A little over a year ago, the Productive Development Law opened the possibility of gradually reviewing the currency outflow tax (ISD), however, the rate has not yet been modified.

The rule established, in its second general provision, that the President of the Republic may be based on the conditions of public finances and balance of payments, gradually reduce the ISD rate, with prior favorable opinion from the Ministry of Economy.

Recently consulted on this issue, the Minister of Production, Iván Ontaneda, confirmed that there could be a progressive decrease in the tax. “We are analyzing, what happens is that the numbers are not so easy,” he said.
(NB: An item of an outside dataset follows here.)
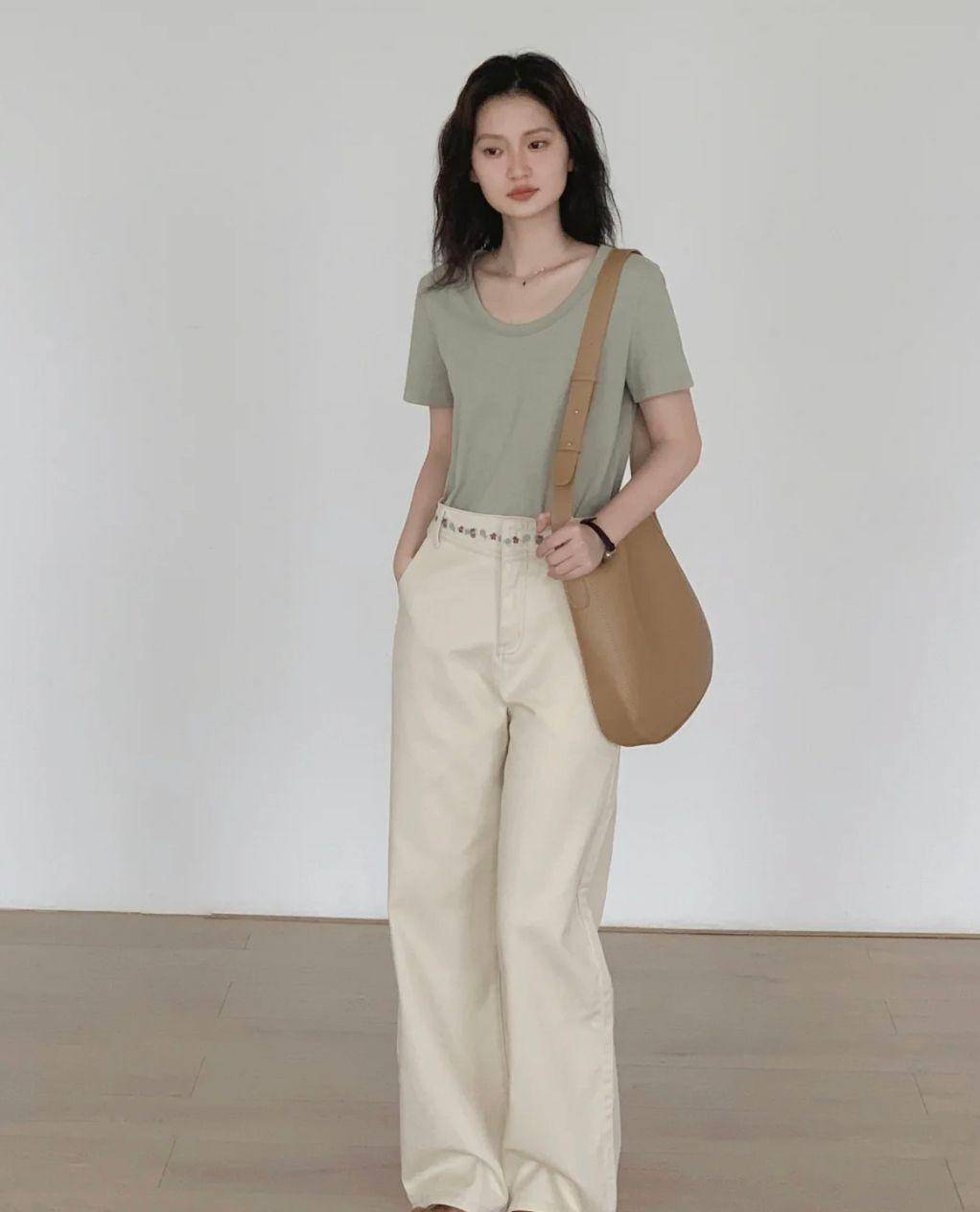 相比牛仔闊腿褲,這些簡約風格的韭菜綠工裝褲穿在身上顯得更加慵懶隨意,尤其是闊腿版型,對下半身的包容性非常好,能夠打造出不錯的垂墜效果。

Government priorities have changed against this issue in recent months.

In the letter of intent that Ecuador sent last March 1 to the International Monetary Fund (IMF), as a prelude to the financing agreement, the Minister of Economy, Richard Martinez, stated the purpose of “gradually starting to eliminate the distorting tax on currency outflow, once we have regained macroeconomic stability and strengthened the position of reserves. ”

However, in the IMF report of July 2019, the authorities talk about preparing studies on the progressive elimination of the tax and do not specify when the eventual measure would take place. Business associations advocate the withdrawal of the tax.

After VAT and income tax, the ISD is the third item that collects the Internal Revenue Service (SRI). In 2018, it generated USD 1 206 million. Since 2012, the ISD rate has remained at 5%. Taxes on transfers or money transfers abroad.